Our studio supported the first Capcom Vancouver Game Jam and myself and the nine other participants could not be more proud of our results. The theme, elastic, was randomly selected after employees voted on ideas we had during a brainstorm. Elastic was a challenging theme that resulted in every team using Unreal's built-in physics to create gameplay. I had always abandoned physics for stricter position control via script, but learned a valuable lesson that I will apply to cameras in my next "Real Time Cameras in Unreal Editor 4" post.
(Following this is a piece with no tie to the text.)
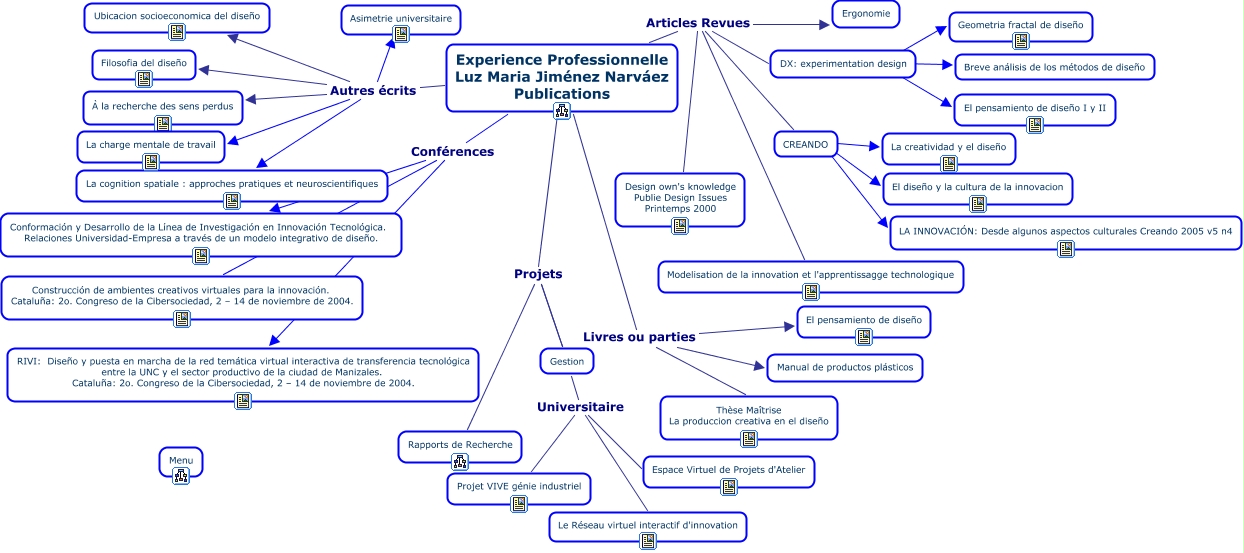 Este mapa conceptual tiene información relacionada a: Publications Luz Maria Jimenez, Experience Professionnelle Luz Maria Jiménez Narváez Publications Conférences Construcción de ambientes creativos virtuales para la innovación. Cataluña: 2o. Congreso de la Cibersociedad, 2 – 14 de noviembre de 2004., Experience Professionnelle Luz Maria Jiménez Narváez Publications Projets Gestion, Experience Professionnelle Luz Maria Jiménez Narváez Publications Conférences Conformación y Desarrollo de la Línea de Investigación en Innovación Tecnológica. Relaciones Universidad-Empresa a través de un modelo integrativo de diseño., Experience Professionnelle Luz Maria Jiménez Narváez Publications Projets Rapports de Recherche, Gestion Universitaire Projet VIVE génie industriel, Experience Professionnelle Luz Maria Jiménez Narváez Publications Autres écrits Asimetrie universitaire, Gestion Universitaire Le Réseau virtuel interactif d'innovation, DX: experimentation design ???? El pensamiento de diseño I y II, Experience Professionnelle Luz Maria Jiménez Narváez Publications Autres écrits La charge mentale de travail, Experience Professionnelle Luz Maria Jiménez Narváez Publications Autres écrits À la recherche des sens perdus, Experience Professionnelle Luz Maria Jiménez Narváez Publications Articles Revues Design own's knowledge Publie Design Issues Printemps 2000, Experience Professionnelle Luz Maria Jiménez Narváez Publications Livres ou parties Manual de productos plásticos, Experience Professionnelle Luz Maria Jiménez Narváez Publications Articles Revues DX: experimentation design, Experience Professionnelle Luz Maria Jiménez Narváez Publications Livres ou parties El pensamiento de diseño, Experience Professionnelle Luz Maria Jiménez Narváez Publications Autres écrits La cognition spatiale : approches pratiques et neuroscientifiques, Experience Professionnelle Luz Maria Jiménez Narváez Publications Articles Revues CREANDO, Gestion Universitaire Espace Virtuel de Projets d'Atelier, Experience Professionnelle Luz Maria Jiménez Narváez Publications Projets Gestion, Experience Professionnelle Luz Maria Jiménez Narváez Publications Articles Revues Ergonomie, CREANDO ???? La creatividad y el diseño

My first approach was to re-parent the colliding party-goers to a new object, which I dubbed the Huggs Boson. I found a simple actor as a parent would not join them*, and eventually discovered an issue on the UE4 forums** that prevents physics constraints from being a viable solution, either, although they seemed ideal. Next, I tried deleting the original party-goers on collision with each other, spawning two dummy actors connected by a physics constraint and rotated by a Timeline, and then swapping in the party-goers again but this led to a spawning bug I could not resolve. Oliver, one of our engineering interns, found a pure physics solution while helping me investigate this problem late Saturday night. It turned out that applying velocity on each party-goer at a slight angle off the vector towards each other allowed us to achieve a better effect and eliminated the need for timelines or object deletion.
The moral of this story is that physics can provide simple solutions, and should be considered instead of Timelines whenever the latter requires collision management or deleting existing objects. More on how this applies to cameras later!